Literature DB >> 22541801

Weight of communities: a multilevel analysis of body mass index in 32,814 neighborhoods in 57 low- to middle-income countries (LMICs).

Daniel J Corsi1, Jocelyn E Finlay, S V Subramanian.   

Abstract

The extent to which body mass index (BMI) varies between small areas or neighborhoods in low- to middle-income countries (LMICs) remains unknown. Further, whether such variation is reflective of characteristics of individuals living in these neighborhoods is also not clear. We estimated the extent to which there is variation in BMI is attributable to neighborhoods in 57 LMICs. The data were from non-pregnant women of reproductive age (20-49 y) participating in Demographic and Health Surveys conducted in 57 countries between 1994 and 2008. Body mass index (BMI, weight [in kg] divided by height squared [in m(2)]) was used to assess weight status. Height and weight were measured objectively by trained field investigators. Age, household wealth, education were included as individual covariates and place of residence (urban or rural) as a neighborhood-level covariate. We conducted a multilevel analysis of 451,321 women (aged 20-49 y) from 32,814 neighborhoods and 57 countries.
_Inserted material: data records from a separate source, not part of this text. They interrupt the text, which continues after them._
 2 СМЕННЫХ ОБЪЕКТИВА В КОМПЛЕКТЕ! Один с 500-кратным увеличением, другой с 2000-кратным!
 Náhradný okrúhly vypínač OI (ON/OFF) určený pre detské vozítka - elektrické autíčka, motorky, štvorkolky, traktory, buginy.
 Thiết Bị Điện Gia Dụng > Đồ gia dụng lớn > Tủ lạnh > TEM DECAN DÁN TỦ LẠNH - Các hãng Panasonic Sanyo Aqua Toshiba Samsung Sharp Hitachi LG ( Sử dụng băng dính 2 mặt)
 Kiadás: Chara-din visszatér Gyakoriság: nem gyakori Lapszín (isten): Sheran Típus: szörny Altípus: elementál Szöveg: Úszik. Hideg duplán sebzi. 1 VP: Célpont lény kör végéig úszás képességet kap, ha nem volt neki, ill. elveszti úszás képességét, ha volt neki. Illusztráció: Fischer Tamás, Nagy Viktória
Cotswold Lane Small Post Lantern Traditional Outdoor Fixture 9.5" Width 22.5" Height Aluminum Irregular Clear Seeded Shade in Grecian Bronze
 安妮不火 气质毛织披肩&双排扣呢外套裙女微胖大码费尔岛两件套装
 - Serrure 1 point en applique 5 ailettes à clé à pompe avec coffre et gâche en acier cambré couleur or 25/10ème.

We used linear and multinomial models to partition the variation in BMI (in kg/m(2)), underweight (BMI <18.5 kg/m(2)) and overweight (BMI ≥25.0 kg/m(2)) at the level of neighborhoods and countries. We also explored the heterogeneity in neighborhood variation by socioeconomic status (SES). Of the total variation in BMI 17.6% was attributable to countries (Standard Deviation [SD] 2.0, 95% credible interval [CI] 1.7, 2.4) and 10.6% (SD 1.56, 95% CI 1.54, 1.58) was attributable to neighborhoods in age-adjusted models. Adjusting for individual- and neighborhood-level covariates reduced the SD attributable to countries and neighborhoods to 1.9, and 1.17, respectively. Between-country variation was 13.4% (SD 0.75, 95% CI 0.62-0.90) for underweight and 18.9% (SD 0.92, 95% CI 0.76-1.10) for overweight, and between-neighborhood variation was 7.7% (SD 0.57, 95% CI 0.55-0.58) for underweight and 7.1% (SD 0.56, 95% CI 0.55-0.58) for overweight in the fully-adjusted multinomial model. In country-specific models, the neighborhood variation in BMI ranged from 0.4 SD in Central African Republic to 2.7 SD in Sierra Leone in fully-adjusted models. Our results demonstrate a considerable range in neighborhood variation in BMI. In countries with greater neighborhood variation it is possible that BMI is being influenced by local conditions more than others with lesser neighborhood variation.
Copyright © 2012 Elsevier Ltd. All rights reserved.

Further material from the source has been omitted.